DATASET EXCERPT:
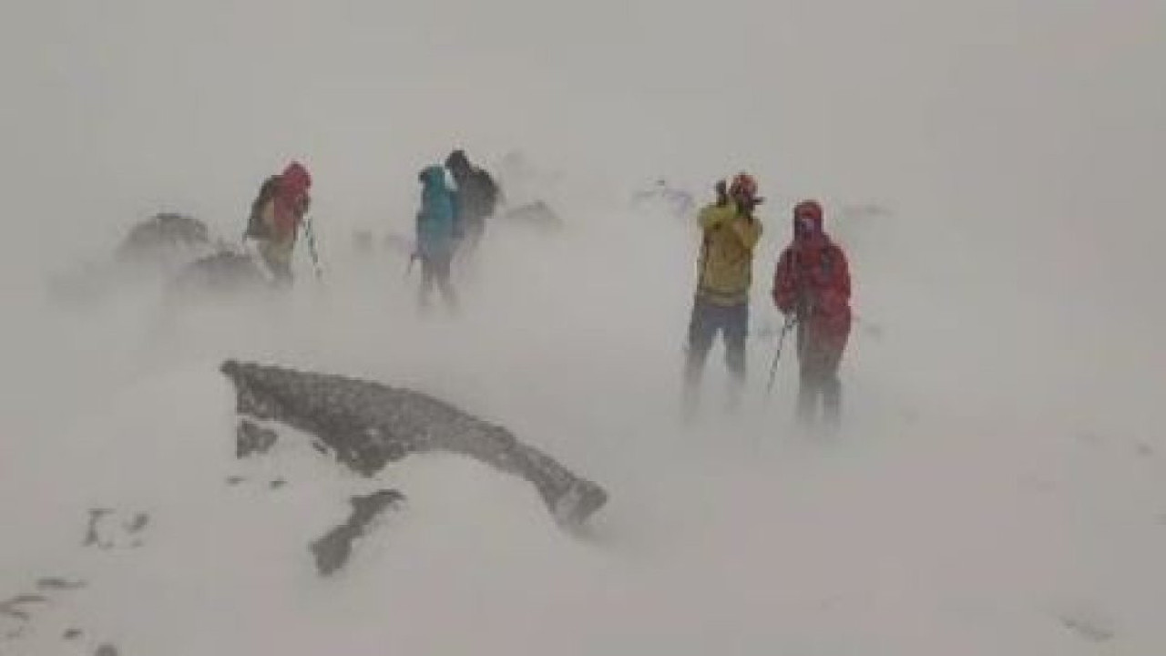 Burada tipiye yakalanan Rus dağcılar hava şartlarının olumsuz seyretmeye devam etmesi üzerine geri dönmek zorunda kaldılar.
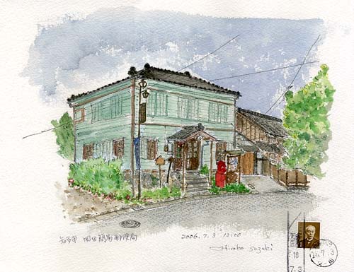 知多木綿の産地として古くから栄えた岡田町には、多くの土蔵や石垣、レンガの壁・なまこ壁など、昔の面影を残す街並みが見られます。その中に明治時代の雰囲気をただよわせている建物が「岡田簡易郵便局」です。明治32年開設され、昭和41年閉局まで70年近く営業を続け、その後一時倉庫として使われ、取り壊しも検討されたのですが、町の歴史を残すものとして、平成5年「岡田簡易郵便局」として再生されました。スケッチをしていても次から次と人の出入りがあり、町の人々に愛され使われているのを見るとうれしくなりました。
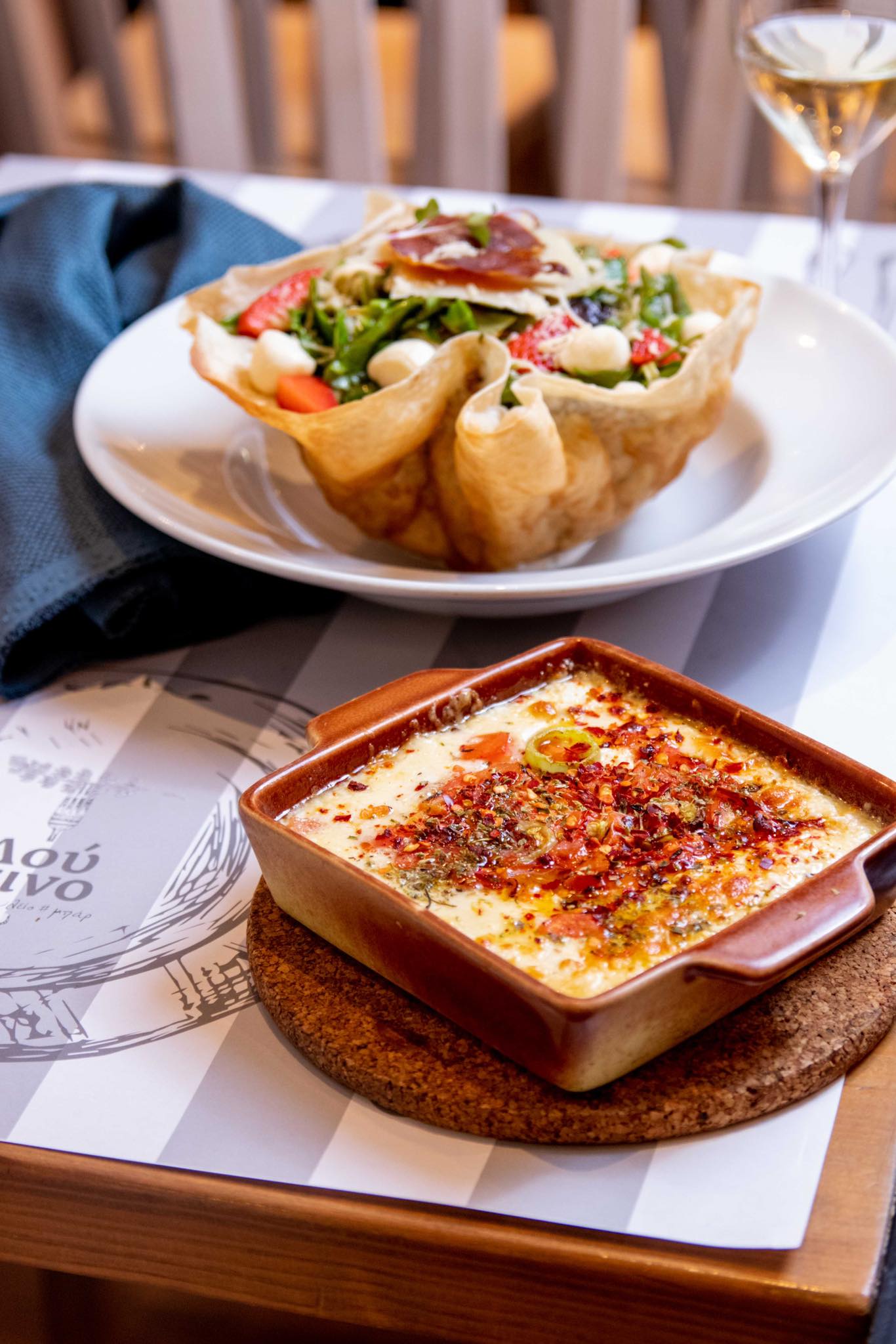 Η κουζίνα είναι επηρεασμένη από τις τοπικές γεύσεις, τη Θεσσαλονίκη και από κάποιες ευρωπαϊκές με μερικές δόσεις από την Ανατολή. Άλλωστε όπως σημειώνει ο σεφ αγαπάει την κουζίνα της Θεσσαλονίκης και επιμένει τόσο στις τοπικές γεύσεις όσο και στις μεγάλες ποσότητες που την διακρίνουν. Το μενού έχει συχνά νέες προσθήκες με τελευταία, που κατατάσσεται στα must try πιάτα, το λευκό σαγανάκι γαρίδας με μοσχολέμονο, φινόκιο και γκρεμολάτα δενδρολίβανου και σκόρδου.

EXERCISE REQUIREMENTS:
The answer should contain only the lines from the beginning of the material above through the line with "知多木綿の産地として古くから", retyped exactly, with the pictures removed.

TASK ANSWER:
 Burada tipiye yakalanan Rus dağcılar hava şartlarının olumsuz seyretmeye devam etmesi üzerine geri dönmek zorunda kaldılar.
 知多木綿の産地として古くから栄えた岡田町には、多くの土蔵や石垣、レンガの壁・なまこ壁など、昔の面影を残す街並みが見られます。その中に明治時代の雰囲気をただよわせている建物が「岡田簡易郵便局」です。明治32年開設され、昭和41年閉局まで70年近く営業を続け、その後一時倉庫として使われ、取り壊しも検討されたのですが、町の歴史を残すものとして、平成5年「岡田簡易郵便局」として再生されました。スケッチをしていても次から次と人の出入りがあり、町の人々に愛され使われているのを見るとうれしくなりました。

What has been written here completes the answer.